Location
- London Road Ascot, Berkshire, SL5 8BQ England 51°24′50″N 0°42′35″W﻿ / ﻿51.4138°N 0.7098°W

Information
- Type: Independent boarding and day school
- Motto: The Merit of One is the Honour of All
- Religious affiliation: Church of England
- Established: 1899
- Founder: Eleanor Beatrice Wyatt
- Local authority: Bracknell Forest
- Department for Education URN: 110117 Tables
- Headmaster: Jonathan Williams
- Gender: Co-Education
- Age: 11 to 18
- Enrolment: 240
- Houses: Austen de Valois Seacole Somerville
- Former pupils: HOGS & SMOGS
- Website: www.heathfieldschool.net

= Heathfield School, Ascot =

Heathfield School is a co-education independent boarding and day school in Ascot, Berkshire, England. In 2006, the school absorbed St Mary's School, Wantage and was briefly named Heathfield St Mary's School but reverted to Heathfield School in 2009 to prevent confusion with another local girls' school St Mary's School, Ascot.

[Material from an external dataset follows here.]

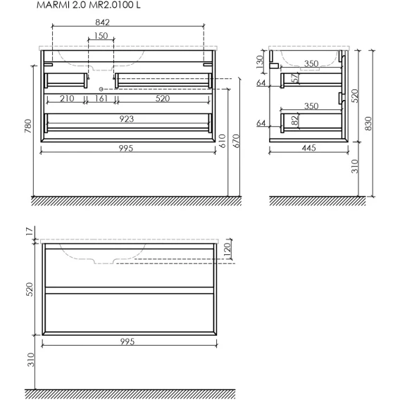 Тумба под раковину Sancos Marmi 2.0 MR2.0100LECH 99,5 см L, подвесная, дуб чарльстон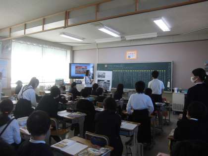 社会では、江戸時代と明治時代の違いや、ペリー来航について考えていました。全員発表をして、似ている考えなどをまとめていました。

The school's grounds cover 36 acre situated on the edge of Ascot (actually in Bracknell Forest), providing access from London, the major airports, the M3 and M4 motorways.

==History==
===Heathfield Ascot===
The school stands in 36 acres of grounds on the outskirts of Ascot and has done so since Heathfield School was founded in 1899 by Eleanor Beatrice Wyatt, its first headmistress. In 1882, at the age of 24, Miss Wyatt and her mother had opened Queen's Gate School in South Kensington, London.

===St Mary's Wantage===

The Reverend William John Butler became Vicar of Wantage on 1 January 1847. His main aims were, first, to revive the religious life in England and second, to improve education. He hoped to achieve these aims by setting up an order of teaching sisters, but he faced many disappointments and spent 25 years trying to improve various day schools in the parish before St Mary's School was founded in 1873.

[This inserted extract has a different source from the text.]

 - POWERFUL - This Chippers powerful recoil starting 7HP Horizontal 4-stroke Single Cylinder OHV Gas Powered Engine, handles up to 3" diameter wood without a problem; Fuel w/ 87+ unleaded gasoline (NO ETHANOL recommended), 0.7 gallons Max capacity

The school was run by the sisters of the Community of St Mary the Virgin and was based in the Queen Anne house on Newbury Street. Sister Ellen was the first Sister-in-Charge and Sister Juliana succeeded her in 1887. Sister Juliana had studied at Cambridge and set a high standard for the girls, entering them for the Oxford and Cambridge local examinations.

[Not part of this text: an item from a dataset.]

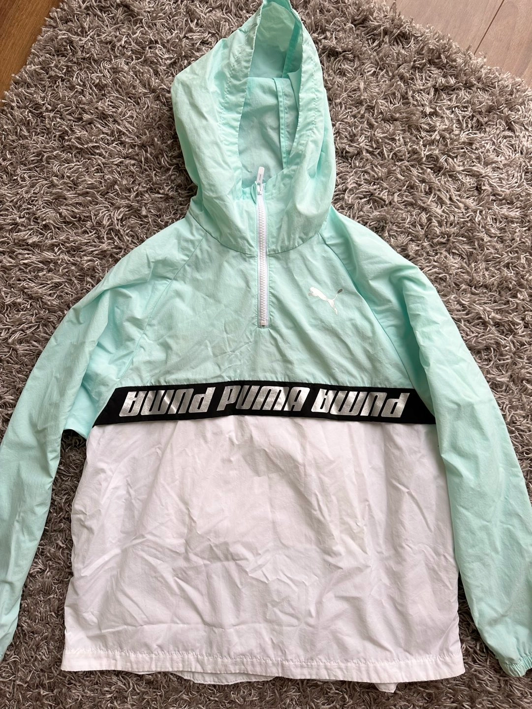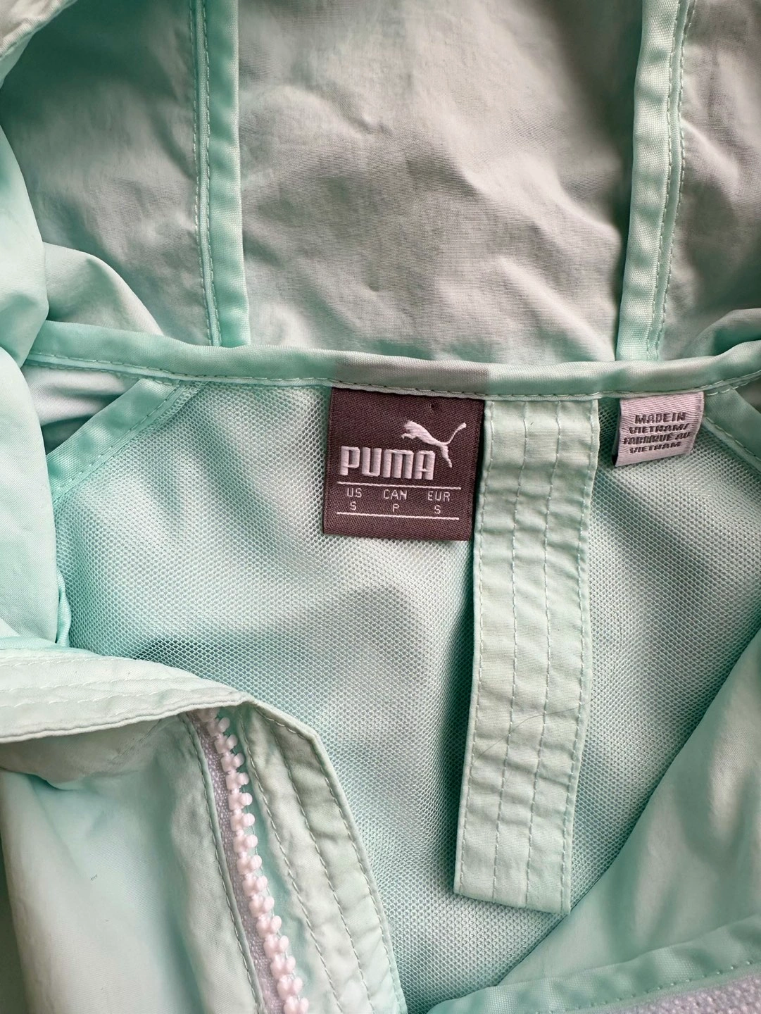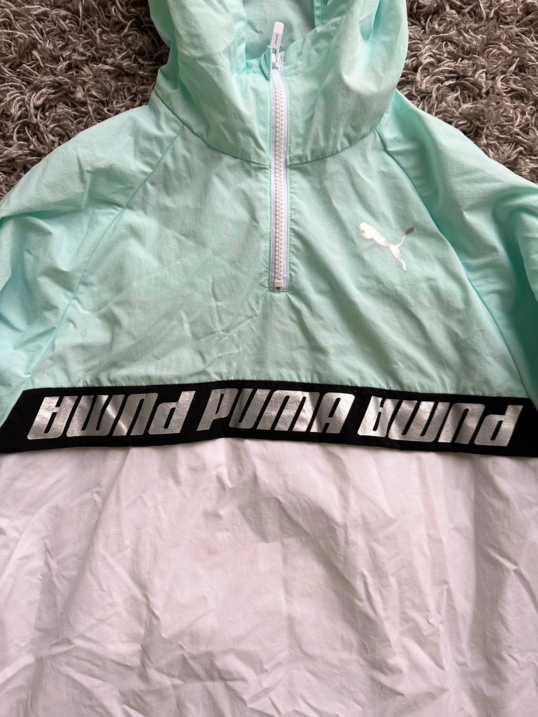 Like new, rarely worn women's Puma half zip sports jacket / windbreaker. Size small. Colour is Aqua.

Sister Annie Louisa joined the school in 1898 and started a guide movement called Scout Patrols in 1899 before Boy Scouts had even begun. She succeeded Sister Juliana as Headmistress in 1903. Sister Annie Louisa was responsible for the chief structural improvements at St Mary's including a science wing and the conversion of an old barn into a gymnasium. By the time Sister Annie Louisa left in 1919, St Mary's was recognised as a "public school with an unusually high standard of scholarship".

==Facilities==
The school is equipped with teaching, sporting and leisure facilities. In 2000, the school opened a 25m indoor heated swimming pool.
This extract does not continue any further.